Work instruction >> Repeat exactly the lines of the records below, starting at the line containing "Glad GladWare Design" and ending at the line containing "Rainbow Birthday Invitation". Leave the pictures out.

Records for processing >>

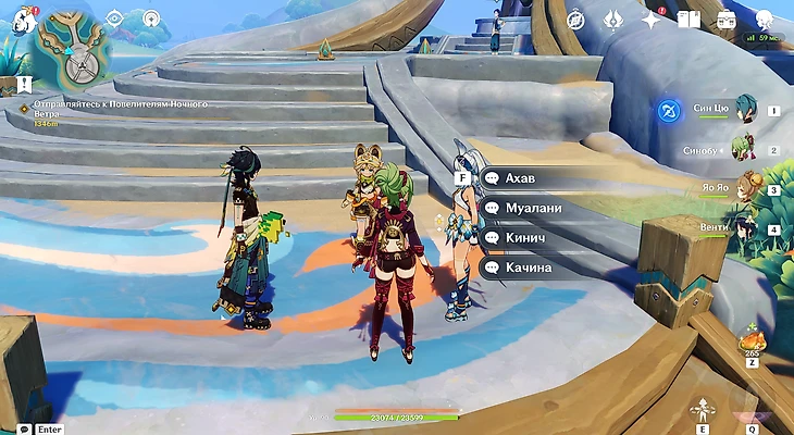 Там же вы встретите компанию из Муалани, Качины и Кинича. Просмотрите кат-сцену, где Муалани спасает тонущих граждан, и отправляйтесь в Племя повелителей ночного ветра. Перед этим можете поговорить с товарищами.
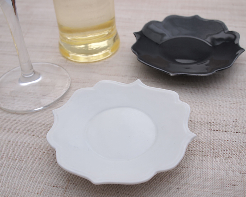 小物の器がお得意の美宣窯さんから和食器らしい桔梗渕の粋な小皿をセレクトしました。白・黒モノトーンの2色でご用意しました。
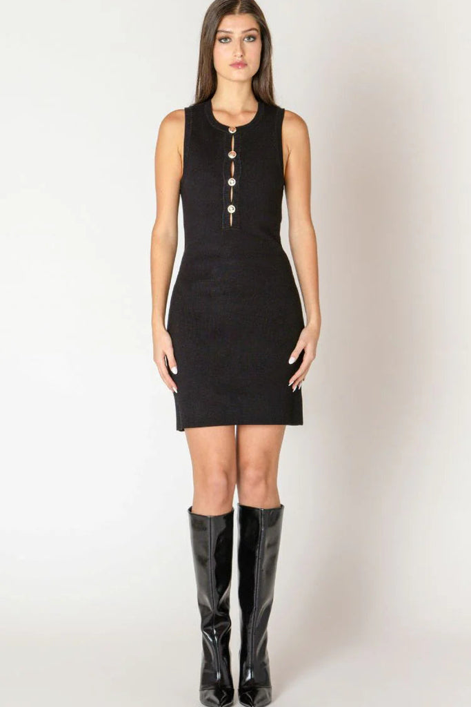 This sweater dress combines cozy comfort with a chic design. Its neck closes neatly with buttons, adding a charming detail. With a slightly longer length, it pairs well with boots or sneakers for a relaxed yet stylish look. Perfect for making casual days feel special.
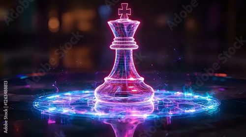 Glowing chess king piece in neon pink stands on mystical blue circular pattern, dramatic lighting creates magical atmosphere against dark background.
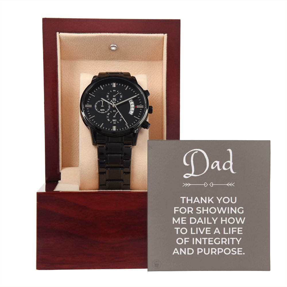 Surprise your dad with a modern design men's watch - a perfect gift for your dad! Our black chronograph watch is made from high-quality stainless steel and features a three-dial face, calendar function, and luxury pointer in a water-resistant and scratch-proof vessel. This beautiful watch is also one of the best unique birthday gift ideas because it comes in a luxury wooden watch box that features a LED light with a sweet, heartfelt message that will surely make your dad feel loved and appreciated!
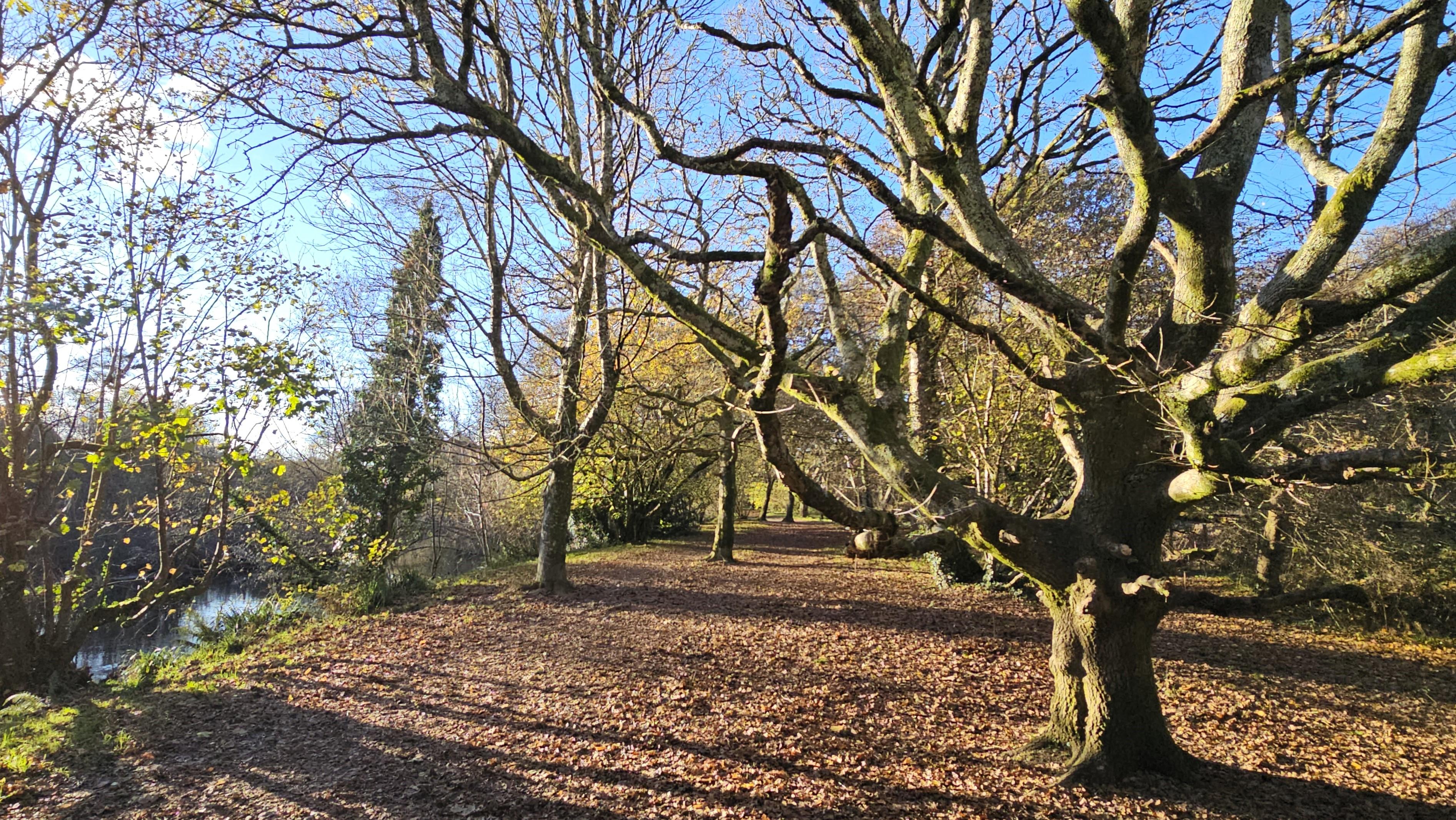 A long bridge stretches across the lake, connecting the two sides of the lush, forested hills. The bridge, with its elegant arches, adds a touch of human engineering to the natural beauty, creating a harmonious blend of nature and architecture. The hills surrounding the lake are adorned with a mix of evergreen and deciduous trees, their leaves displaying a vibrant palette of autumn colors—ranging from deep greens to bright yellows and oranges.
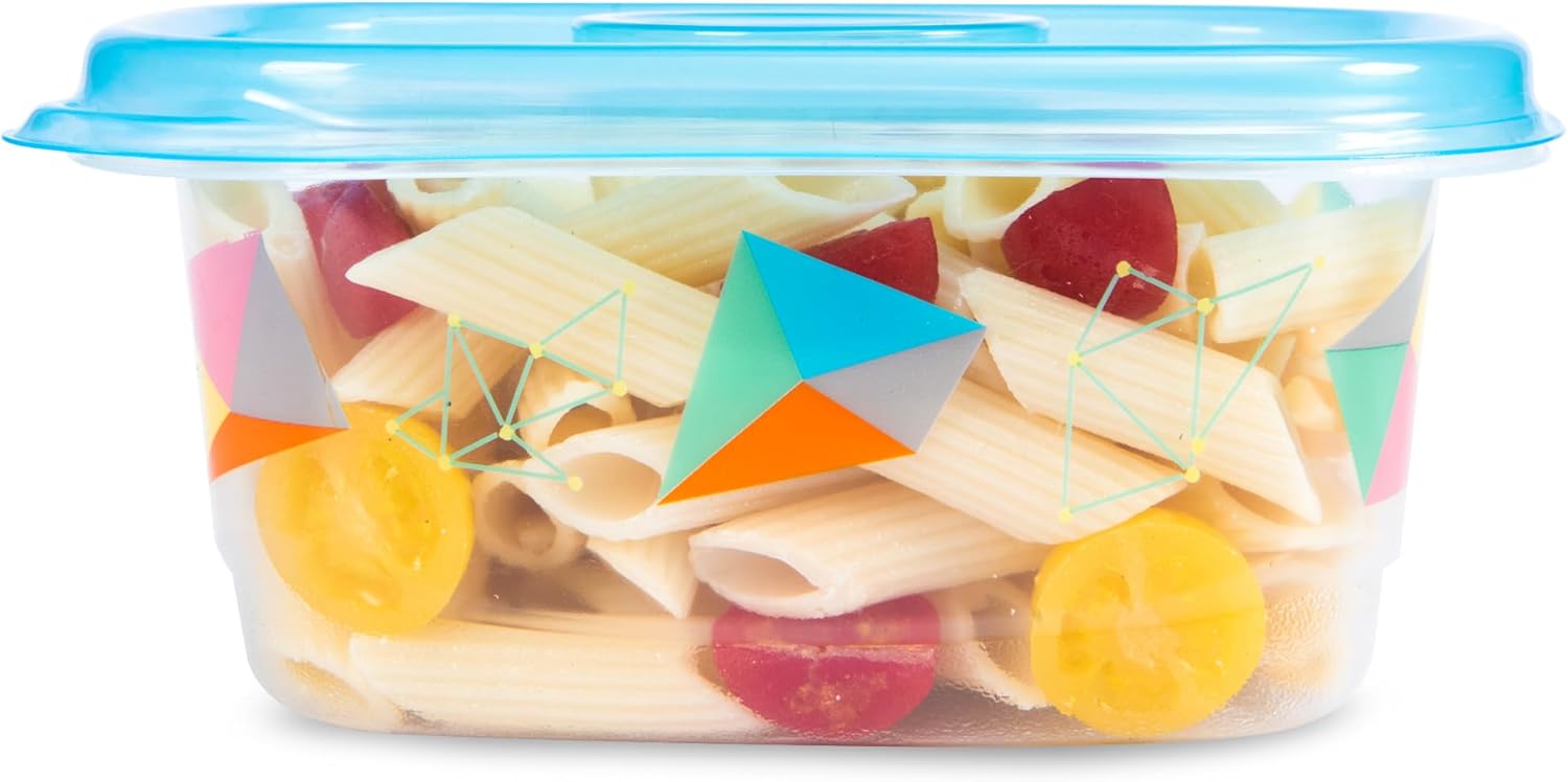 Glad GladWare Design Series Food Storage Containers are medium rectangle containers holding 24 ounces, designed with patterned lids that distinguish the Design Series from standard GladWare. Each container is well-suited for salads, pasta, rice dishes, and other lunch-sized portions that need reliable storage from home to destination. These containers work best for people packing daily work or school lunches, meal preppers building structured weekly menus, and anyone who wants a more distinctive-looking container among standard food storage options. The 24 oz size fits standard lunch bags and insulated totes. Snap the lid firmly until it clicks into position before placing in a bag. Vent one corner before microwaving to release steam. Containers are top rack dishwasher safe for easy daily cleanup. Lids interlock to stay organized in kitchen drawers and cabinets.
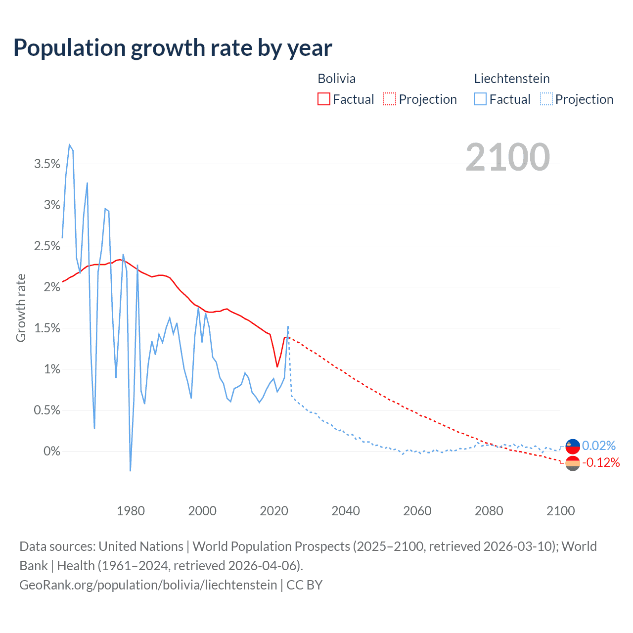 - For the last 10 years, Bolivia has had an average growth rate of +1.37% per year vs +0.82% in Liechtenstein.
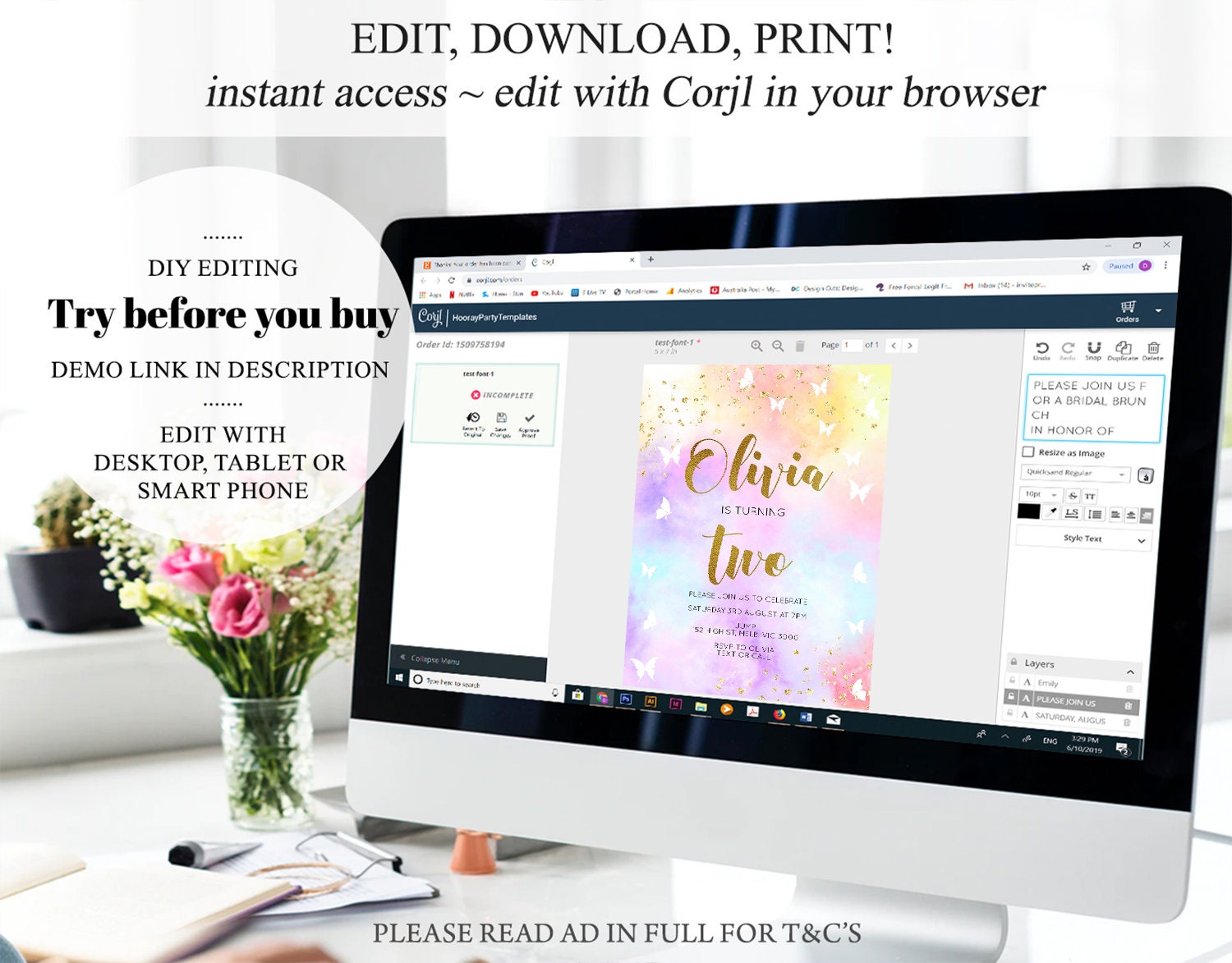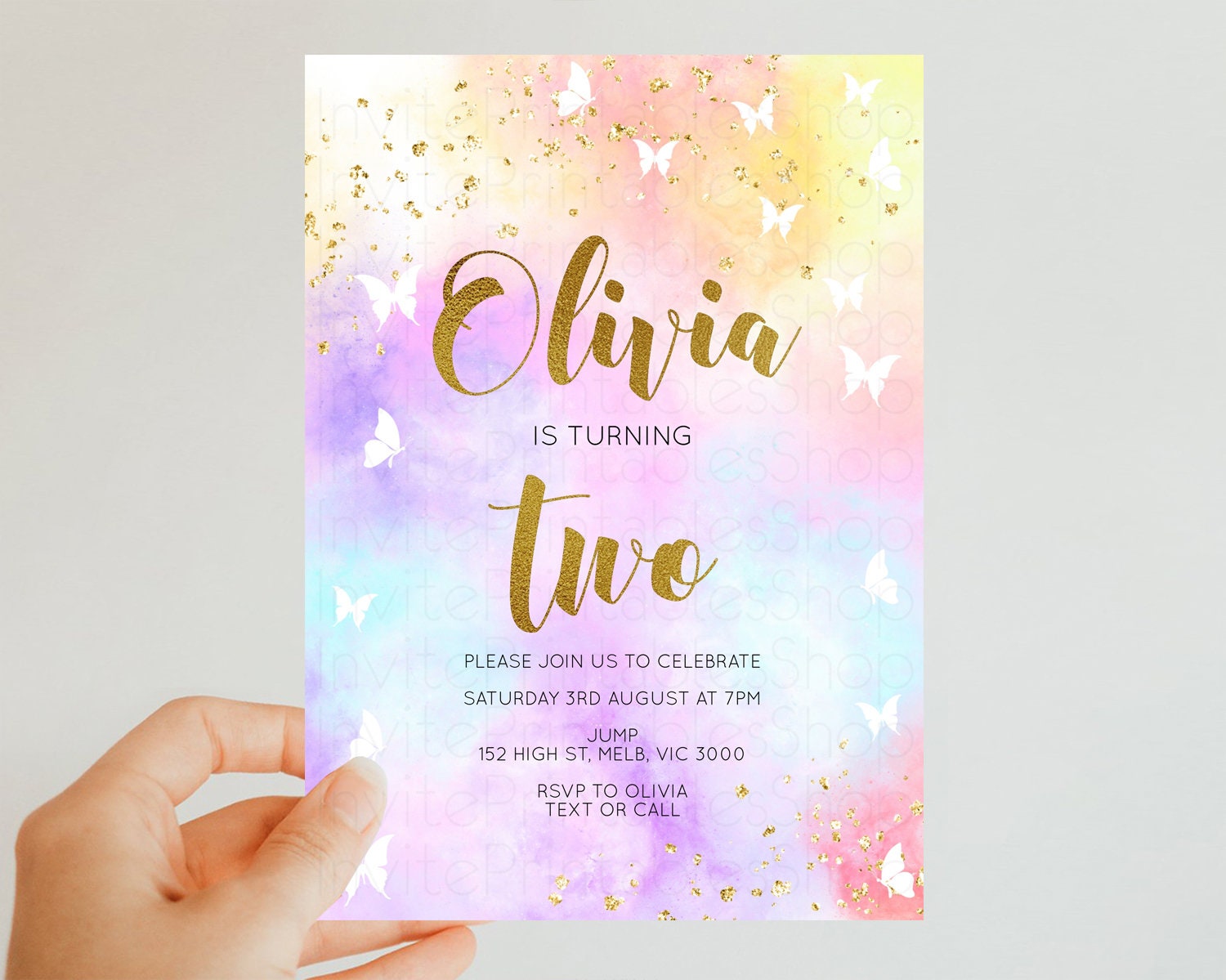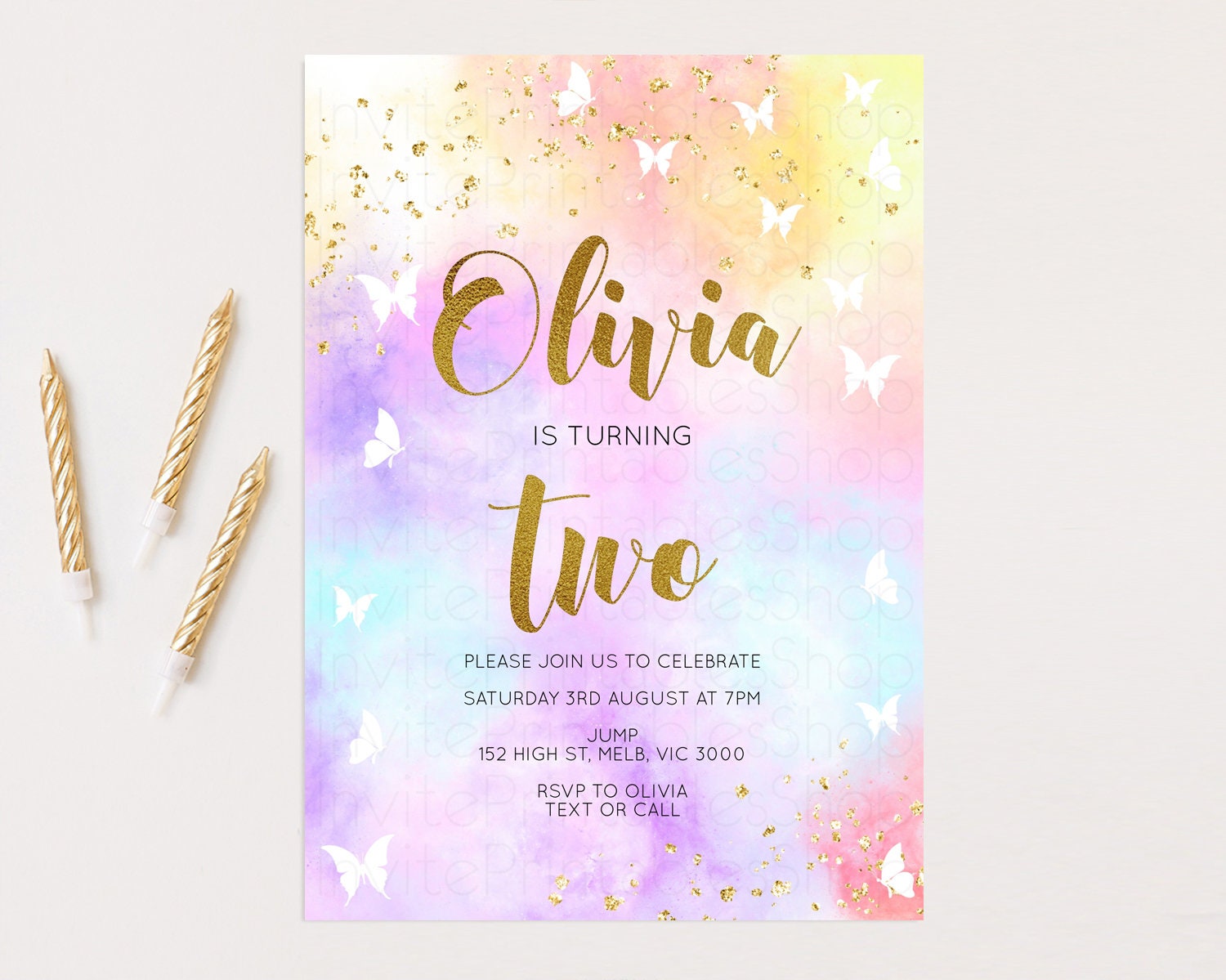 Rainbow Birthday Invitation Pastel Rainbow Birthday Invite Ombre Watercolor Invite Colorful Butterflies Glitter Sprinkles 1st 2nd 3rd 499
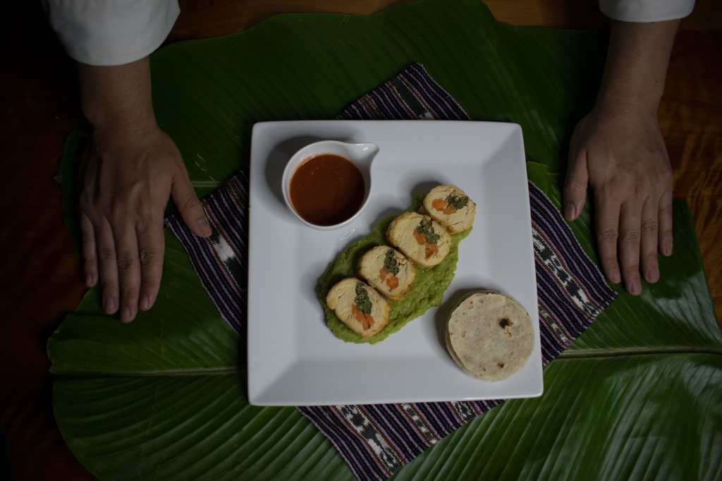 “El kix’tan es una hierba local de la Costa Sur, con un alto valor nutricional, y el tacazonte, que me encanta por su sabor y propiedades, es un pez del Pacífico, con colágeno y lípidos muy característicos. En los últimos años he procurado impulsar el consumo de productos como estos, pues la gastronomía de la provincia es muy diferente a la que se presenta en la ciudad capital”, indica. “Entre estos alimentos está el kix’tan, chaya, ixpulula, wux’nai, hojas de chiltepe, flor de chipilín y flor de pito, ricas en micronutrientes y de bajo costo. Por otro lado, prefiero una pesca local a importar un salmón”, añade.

Written reply >>
 Glad GladWare Design Series Food Storage Containers are medium rectangle containers holding 24 ounces, designed with patterned lids that distinguish the Design Series from standard GladWare. Each container is well-suited for salads, pasta, rice dishes, and other lunch-sized portions that need reliable storage from home to destination. These containers work best for people packing daily work or school lunches, meal preppers building structured weekly menus, and anyone who wants a more distinctive-looking container among standard food storage options. The 24 oz size fits standard lunch bags and insulated totes. Snap the lid firmly until it clicks into position before placing in a bag. Vent one corner before microwaving to release steam. Containers are top rack dishwasher safe for easy daily cleanup. Lids interlock to stay organized in kitchen drawers and cabinets.
 - For the last 10 years, Bolivia has had an average growth rate of +1.37% per year vs +0.82% in Liechtenstein.
 Rainbow Birthday Invitation Pastel Rainbow Birthday Invite Ombre Watercolor Invite Colorful Butterflies Glitter Sprinkles 1st 2nd 3rd 499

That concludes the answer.